Her unexpected compliance startled him but there was no time to second-guess her. He needed to concentrate on Jimmy. He crawled into the back of the ute, the ribbed metal hard against his knees. ‘Hey, mate, you weren’t supposed to be the target in practice. How are you feeling?’ His fingers immediately rested on the young boy’s neck, feeling for his carotid pulse.
Jimmy bit his lip, trying hard to be stoic. ‘It hurts heaps.’
Flynn nodded in understanding as he silently counted Jimmy’s pulse. Rapid but firm. Perhaps the spear had missed vital organs? But most of him knew that was probably wishful thinking.
Metal pinged as Mia scrambled onto the tray, hauling the emergency kit with her. ‘Hi, Jimmy, I’m Mia and I’m going to have to touch the area around the spear but I’ll be as gentle as I can.’
She smiled at their patient and for the first time since Flynn had met her, her face lost its tension and her eyes shed their shadows.
It changed her completely. Unexpected heat charged through him and he had a momentary vision of her standing on a beach with her long hair trailing out behind her and her face lifted up to the breeze—with not a care in the world.
What the—? Where on earth had that thought come from? He shoved the image aside and reminded himself that she was the island nurse, pure and simple.

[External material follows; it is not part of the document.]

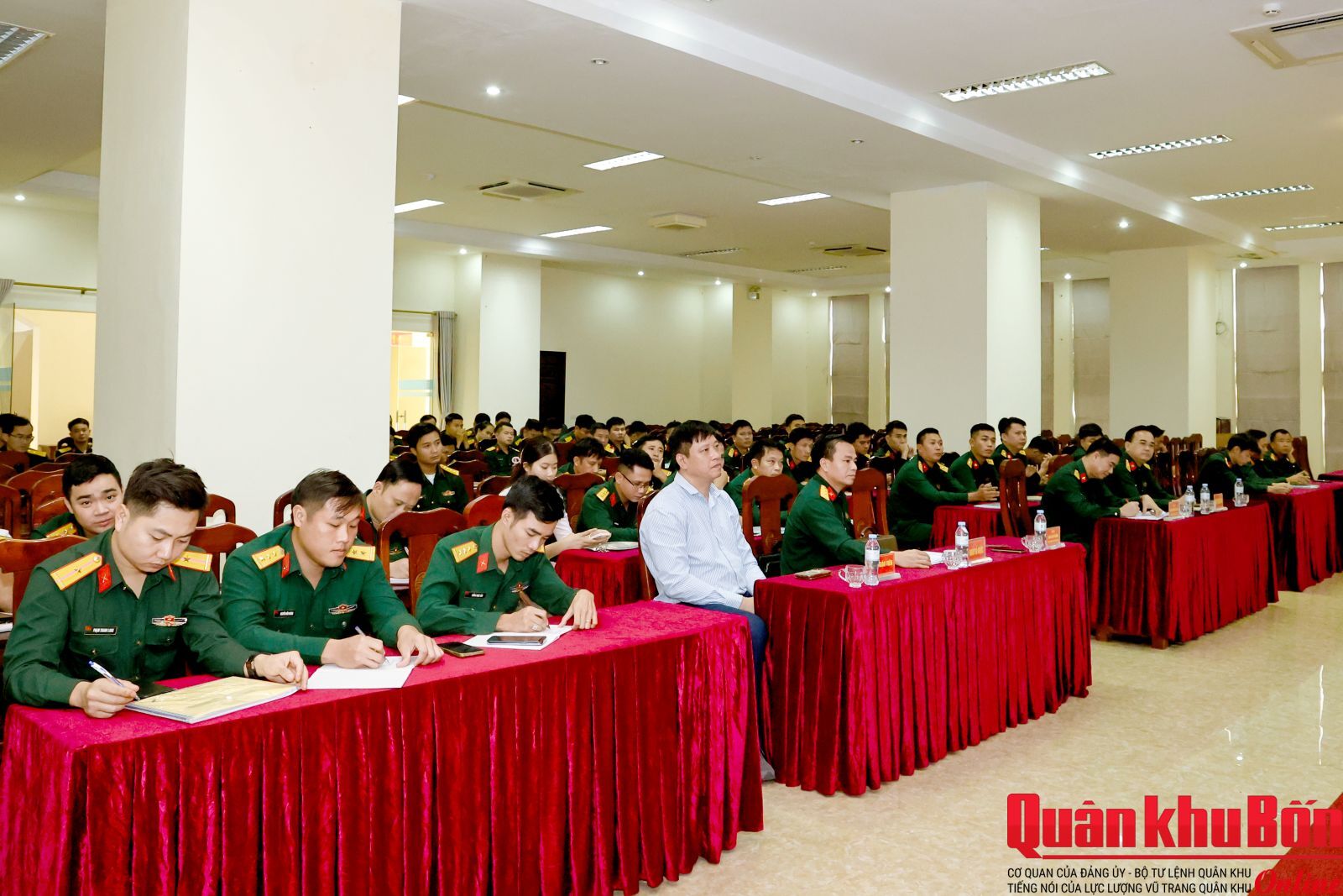Phát biểu chỉ đạo, Đại tá Đinh Xuân Hướng ghi nhận tinh thần cố gắng của Ban Tổ chức, đội ngũ giảng viên và toàn thể học viên. Đồng chí nhấn mạnh: Công tác quản lý, khai thác, sử dụng vật tư CTĐ, CTCT có ý nghĩa quan trọng, trực tiếp bảo đảm cho hoạt động chính trị, tư tưởng, văn hóa tinh thần ở các cơ quan, đơn vị; góp phần xây dựng môi trường văn hóa lành mạnh, nâng cao chất lượng CTĐ, CTCT trong toàn Quân khu. Đồng chí yêu cầu học viên sau tập huấn tiếp tục nghiên cứu, vận dụng kiến thức đã học vào thực tiễn; chủ động tham mưu với cấp ủy, chỉ huy trong quản lý, bảo quản trang bị; duy trì nền nếp, quy trình kỹ thuật; tăng cường ứng dụng công nghệ thông tin, từng bước số hóa trong quản lý vật tư CTĐ, CTCT.

Mia deftly wrapped the gauze around the puncture site with gentle care. ‘You’re being very brave, Jimmy.’
Jimmy fixed his eyes on her face, hanging onto her murmured words like a lifeline.
Flynn didn’t blame him. There was something about her that could keep a bloke mesmerised, but not him. He reminded himself of his cast-iron immunity, the one that Brooke had activated.